In his latest book, Dr Philippe Presles, who has spent his life researching human consciousness, quotes a large number of testimonies referring to this ‘small voice’ – assured, quiet, powerful and persuasive – giving much needed advice and reassurance.

It’s often been interpreted as the voice of God, or of the soul. In Presles’ explanation, what we’re hearing is the voice of our inner wisdom, of our consciousness, the sum of our memory and all our experience, which takes over our internal dialogue in moments of crisis. He believes the voice is spiritual, but he also gives a neurological explanation our modern sensibility finds easier to digest.

I contributed one of the many testimonies to Presles’ book, when I recounted how my inner voice stopped me breaking down the day I was told I had cancer, 18 years ago. He asked me about my most intense teaching experience. I told him about the time I shared with an audience of fellow American oncologists my grief at having to break the news to our much loved colleague that he did not have long to live. Everyone was crying in the lecture theatre, and I recall being in a very strange state of mind, a sort of out-of-body experience. Presles’ aim is to understand how we became conscious beings, and whether that helps us in the search for happiness. He shows how a deeper understanding of the nature and working of our consciousness can help us feel in control of our own lives, and give meaning to our existence.

He explains how we can control our consciousness, even in our darkest moments. This is the meaning of William Ernest Henley’s poem Invictus, which inspired Nelson Mandela during his imprisonment on Robben Island, and seems a fitting tribute to Presles’ work.
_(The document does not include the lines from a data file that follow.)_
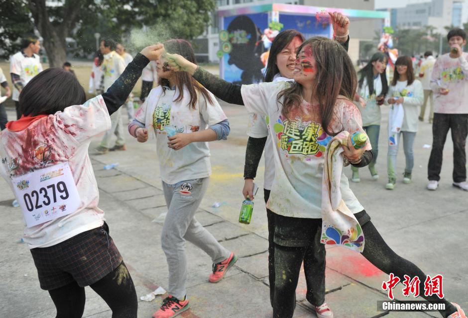 12月28日,福州工程学院举行康师傅“健康彩色跑”活动,现场数千名学生、白领和小孩参加了这场色彩与运动的盛会。图为工作人员向通过彩粉站的人员撒粉。吕明 摄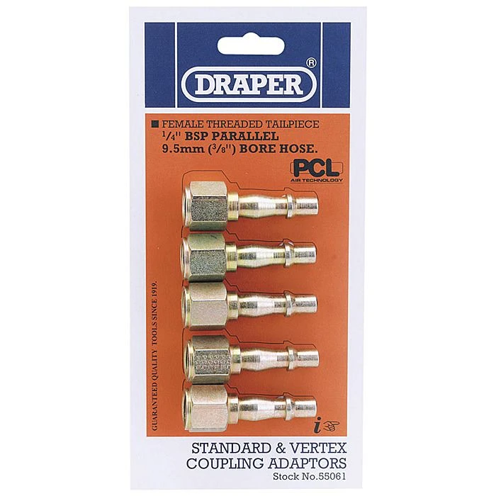 1/4 Inch Female PCL Coupling Screw Adaptor Tail Piece, Draper 55061 – Pack of 5 or Single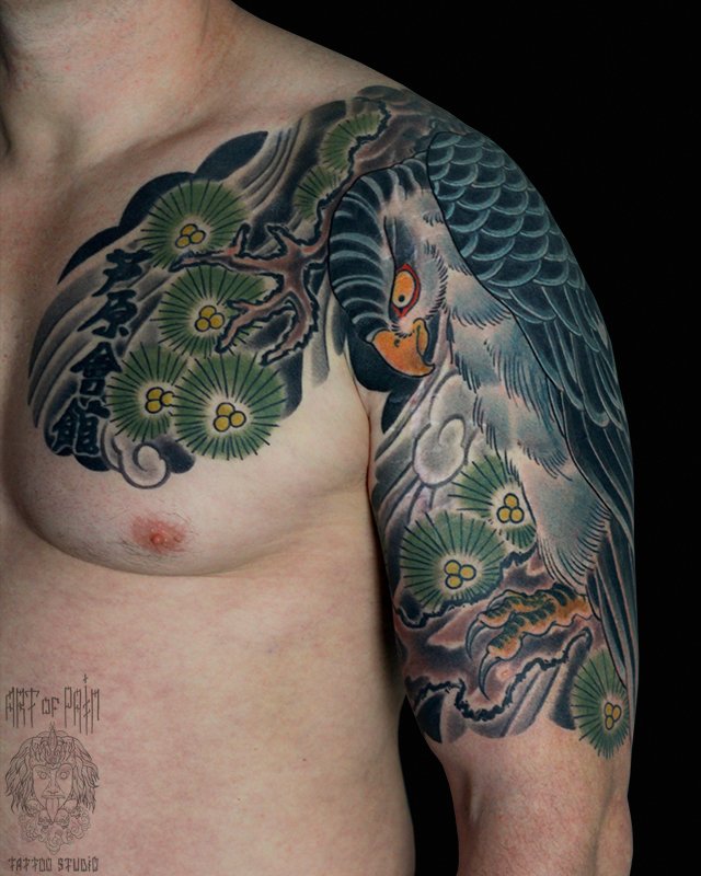 Татуировка мужская япония на плече голубой орел 4691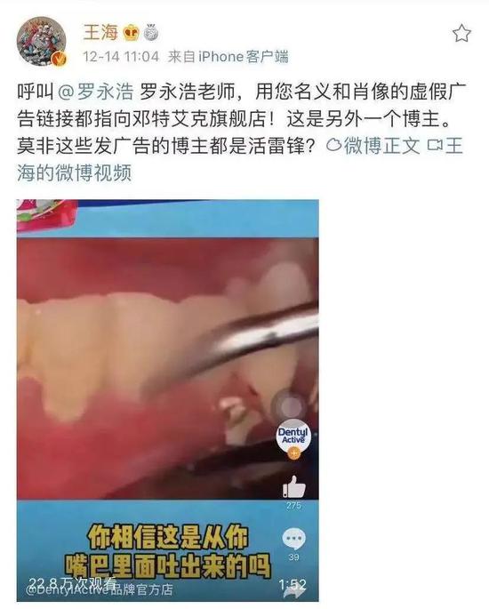 罗永浩发布公告后,记者发现种草姐的该条微博已经被删除,无法确认视频中是否为官方产品链接。在该品牌官方旗舰店中,99.9%抑菌和去牙渍口臭是两大效果,并没有标明有洗牙功能。

Out of the night that covers me,

Black as the Pit from pole to pole,

I thank whatever gods may be For my unconquerable soul. […]

Beyond this place of wrath and tears Looms but the Horror of the shade,

And yet the menace of the years Finds, and shall find, me unafraid.

It matters not how strait the gate,

How charged with punishments the scroll.

I am the master of my fate: I am the captain of my soul.